Option 1: Plot the tree and observe the number of regions (= number of leaves)

Option 2: Count the number of leaf nodes (see next code cell)

When we call the methods '.tree_.children_left' or '.tree_.children_right' on the tree object, we get an array with the indexes of the nodes to the left and right of each node. 

These methods return a -1 when the node to the left or right of a given node is a leaf node.

Therefore, we can know the number of leaves in the tree by counting the number of -1 in the ouput of '.tree_.children_left' or '.tree_.children_right'

In [None]:
reg_tree_lstat.tree_.children_left

In [None]:
reg_tree_lstat.tree_.children_right

In [None]:
# Get the number of leaves in the tree by counting the number of -1 in any of the above arrays
# Save it in a variable called 'number_leaves'
# DO IT HERE

number_leaves = np.sum(reg_tree_lstat.tree_.children_right==-1)
number_leaves

In [None]:
# There is a direct method to get the number of leaves

reg_tree_lstat.get_n_leaves()

In [None]:
# Adjusted R squared fo the tree

top= sum((y - reg_tree_lstat.predict(X))**2)/ (y.size-number_leaves)

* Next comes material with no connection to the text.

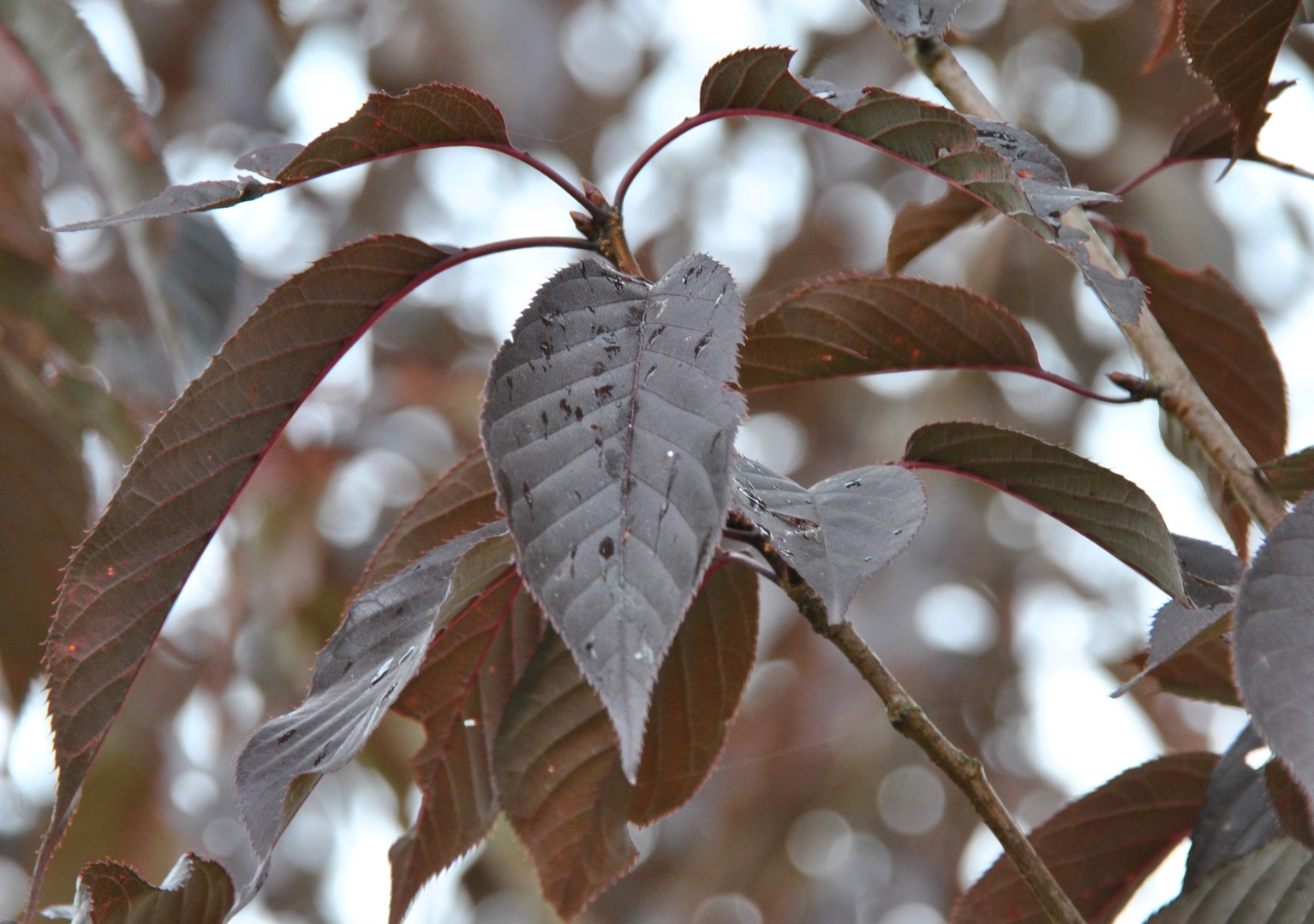 The leaves of Prunus serrulata 'Royal Burgundy' turn orange, red in autumn.
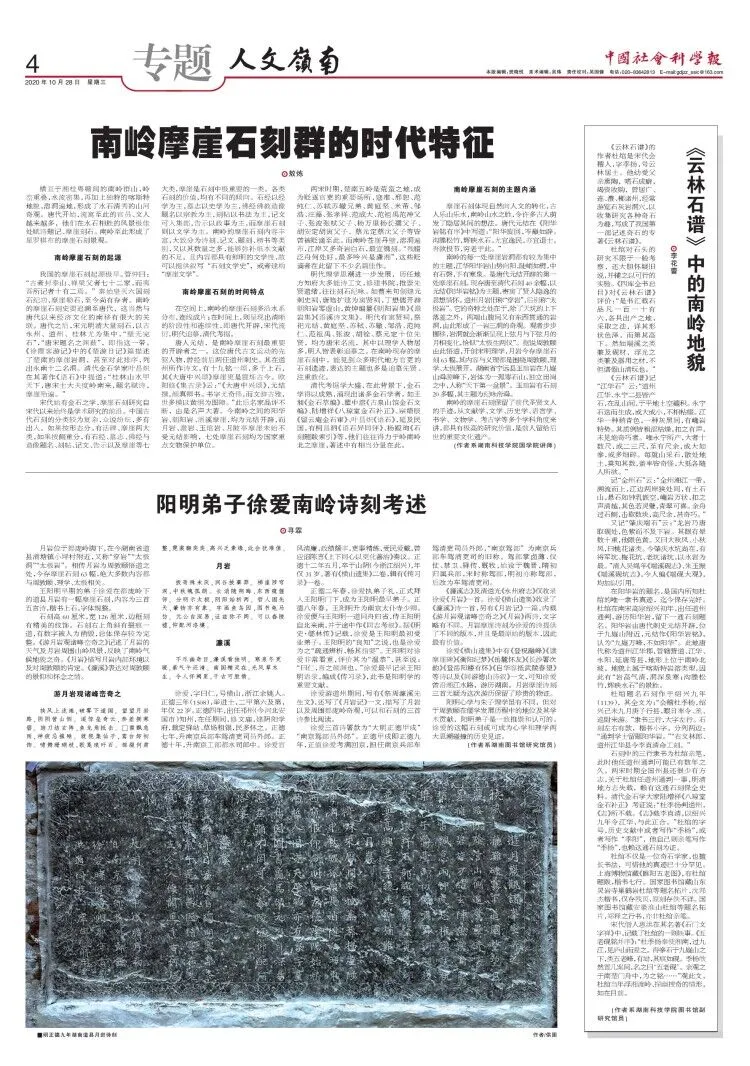 《中国社会科学报》“人文岭南”专版10月28日整版刊登了安博官网app国学院摩崖石刻研究团队的三篇文章,包括“摩崖碑拓”课程专任讲师敖炼的《南岭摩崖石刻群的时代特征》,图书馆副研究馆员李花蕾的《〈云林石谱〉中的南岭地貌》,国学院特聘教授、湖南图书馆研究馆员寻霖的《阳明弟子徐爱南岭诗刻考述》。《南岭摩崖石刻群的时代特征》概括介绍了南岭摩崖石刻的起源、时间特点、主题内涵。《〈云林石谱〉中的南岭地貌》介绍了宋代杜绾的《云林石谱》及其亲笔题名。《阳明弟子徐爱南岭诗刻考述》考证了徐爱在月岩的三幅诗刻及其创作背景。三篇文章归纳了南岭摩崖的水石奇观特点,是首次面向读者系统推广南岭摩崖石刻的学术性文章。

bottom= (sum((y - y.mean())**2))/(y.size-1)

round (1-(top/bottom), 2)

In [None]:
# let's plot the tree!

tree.plot_tree(reg_tree_lstat)

plt.show()

In [None]:
# The figsize parameter sets the plot size (in inches)

plt.figure(figsize=(12,12))   
tree.plot_tree(reg_tree_lstat, fontsize=10, feature_names=['LSTAT'])
plt.show()

In [None]:
# The MSE of the top node is the variance of medv (= the variance of Y)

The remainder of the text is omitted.